In a bloody circle, stunned with magic, dazed by his own horrified realization that Gadar clutched his soul, Daryn screamed.

Though Tanis scouted carefully once they'd crossed the scree and entered the little valley, he found no sign that the black castle was guarded. But even as he returned to his companions, darkness, thick and black as a mourner's cloak, fell with startling suddenness.

Riana gasped, but Flint only shook his head as though to say that he expected something of the sort. "Night's dark is never this heavy," he muttered. He saw his companions as faint reddish outlines in the unrelieved blackness. Tanis, too, would be able to see. But he knew that Riana, with only her human night vision, weak by the standards of dwarves and elves, must be nearly sightless.

"Tanis, give her a minute," he whispered. To Riana he said, "Close your eyes for a moment, then see if you can't get yourself adjusted to this darkness."

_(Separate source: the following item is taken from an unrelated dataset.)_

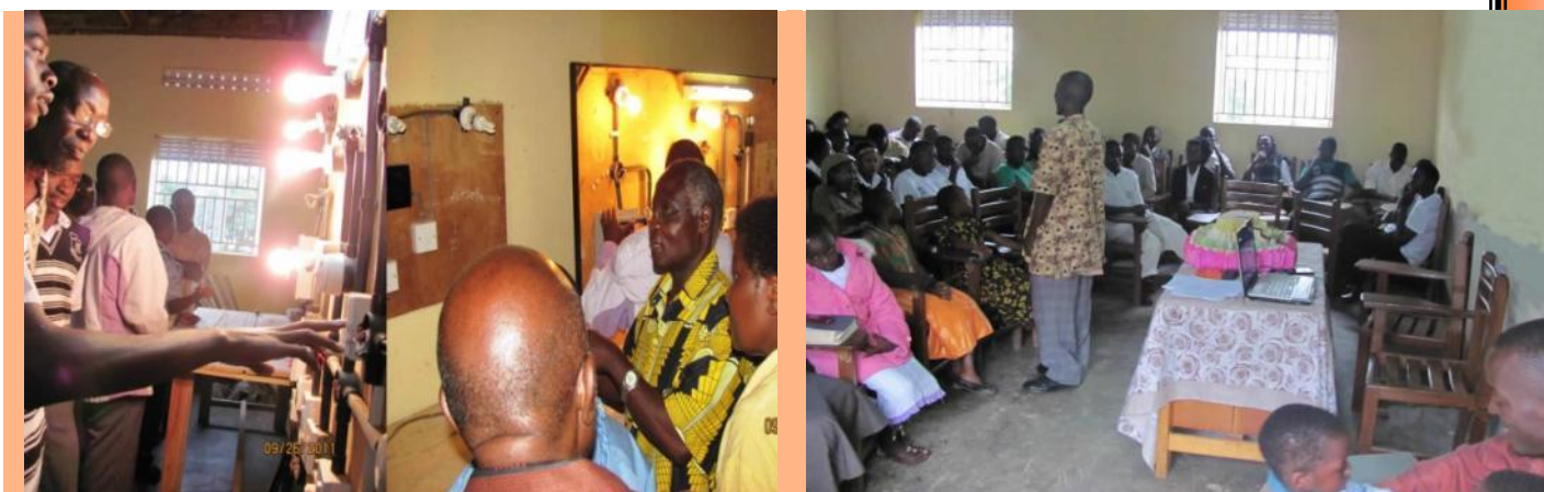
Sharing Experiences with other stakeholders

A total of 120 sub-county councilors 84 females and 36 males have been trained. 117 have been trained in Psycho-social support 333 have been identified, selected and provided with scholastic materials, counseling and psycho-social support.

She did, bowing her head in concentration. But when she opened her eyes again she only shook her head.

"It's like being blind!"

"Aye," Flint agreed, "and likely that's how you're meant to feel." He took her hand and guided it to his shoulder. "Get your bearings, girl. Tanis, what did you find out there?"

"Nothing much. There is a postern gate around the north side. We can make for that. The main entry is unguarded, but I'd like to make as quiet an entrance as we can. Let's head for that postern."

"I'll not argue. Lead on then."

The path Tanis led them along was narrow and rocky, curving around the north side of the valley and down through a small decline to a tall, slim tower thrusting up from the main keep. Staying close to the black wall of the tower, Tanis crept slowly toward the weathered wooden door where he waited for Flint and Riana, still clinging to the old dwarf's shoulder, to join him.

The door opened immediately onto a tall flight of dark slippery stairs. Cracked and shattered by age, they were dangerous with sickly gray moss and only wide enough for one to walk.